> [Information given]:
§ §
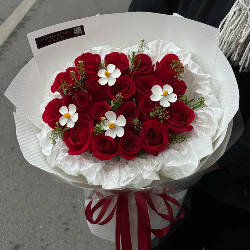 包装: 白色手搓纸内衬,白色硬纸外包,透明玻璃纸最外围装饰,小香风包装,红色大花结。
§ §
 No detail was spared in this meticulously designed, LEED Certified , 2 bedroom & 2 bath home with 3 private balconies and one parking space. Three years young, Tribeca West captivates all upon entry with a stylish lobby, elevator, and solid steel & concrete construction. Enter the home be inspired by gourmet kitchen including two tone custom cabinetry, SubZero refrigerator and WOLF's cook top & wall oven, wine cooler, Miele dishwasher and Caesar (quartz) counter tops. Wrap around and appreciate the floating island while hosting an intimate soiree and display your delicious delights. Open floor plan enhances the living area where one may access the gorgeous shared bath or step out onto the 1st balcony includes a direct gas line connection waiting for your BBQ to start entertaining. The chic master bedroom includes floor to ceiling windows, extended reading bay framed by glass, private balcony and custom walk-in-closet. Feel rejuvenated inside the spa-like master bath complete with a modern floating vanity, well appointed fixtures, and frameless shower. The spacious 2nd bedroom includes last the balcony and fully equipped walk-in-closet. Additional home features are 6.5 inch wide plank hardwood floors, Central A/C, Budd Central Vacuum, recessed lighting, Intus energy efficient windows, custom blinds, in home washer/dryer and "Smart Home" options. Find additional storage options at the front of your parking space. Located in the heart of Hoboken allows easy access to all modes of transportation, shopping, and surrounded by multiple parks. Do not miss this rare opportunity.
§ §
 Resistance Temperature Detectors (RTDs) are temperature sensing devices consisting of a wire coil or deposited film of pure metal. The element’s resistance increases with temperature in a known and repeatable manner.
§ §
> [Task goal]:
Note which lines carry the word "with" in the material, then copy each of them.

> [Answer to the exercise]:
 No detail was spared in this meticulously designed, LEED Certified , 2 bedroom & 2 bath home with 3 private balconies and one parking space. Three years young, Tribeca West captivates all upon entry with a stylish lobby, elevator, and solid steel & concrete construction. Enter the home be inspired by gourmet kitchen including two tone custom cabinetry, SubZero refrigerator and WOLF's cook top & wall oven, wine cooler, Miele dishwasher and Caesar (quartz) counter tops. Wrap around and appreciate the floating island while hosting an intimate soiree and display your delicious delights. Open floor plan enhances the living area where one may access the gorgeous shared bath or step out onto the 1st balcony includes a direct gas line connection waiting for your BBQ to start entertaining. The chic master bedroom includes floor to ceiling windows, extended reading bay framed by glass, private balcony and custom walk-in-closet. Feel rejuvenated inside the spa-like master bath complete with a modern floating vanity, well appointed fixtures, and frameless shower. The spacious 2nd bedroom includes last the balcony and fully equipped walk-in-closet. Additional home features are 6.5 inch wide plank hardwood floors, Central A/C, Budd Central Vacuum, recessed lighting, Intus energy efficient windows, custom blinds, in home washer/dryer and "Smart Home" options. Find additional storage options at the front of your parking space. Located in the heart of Hoboken allows easy access to all modes of transportation, shopping, and surrounded by multiple parks. Do not miss this rare opportunity.
 Resistance Temperature Detectors (RTDs) are temperature sensing devices consisting of a wire coil or deposited film of pure metal. The element’s resistance increases with temperature in a known and repeatable manner.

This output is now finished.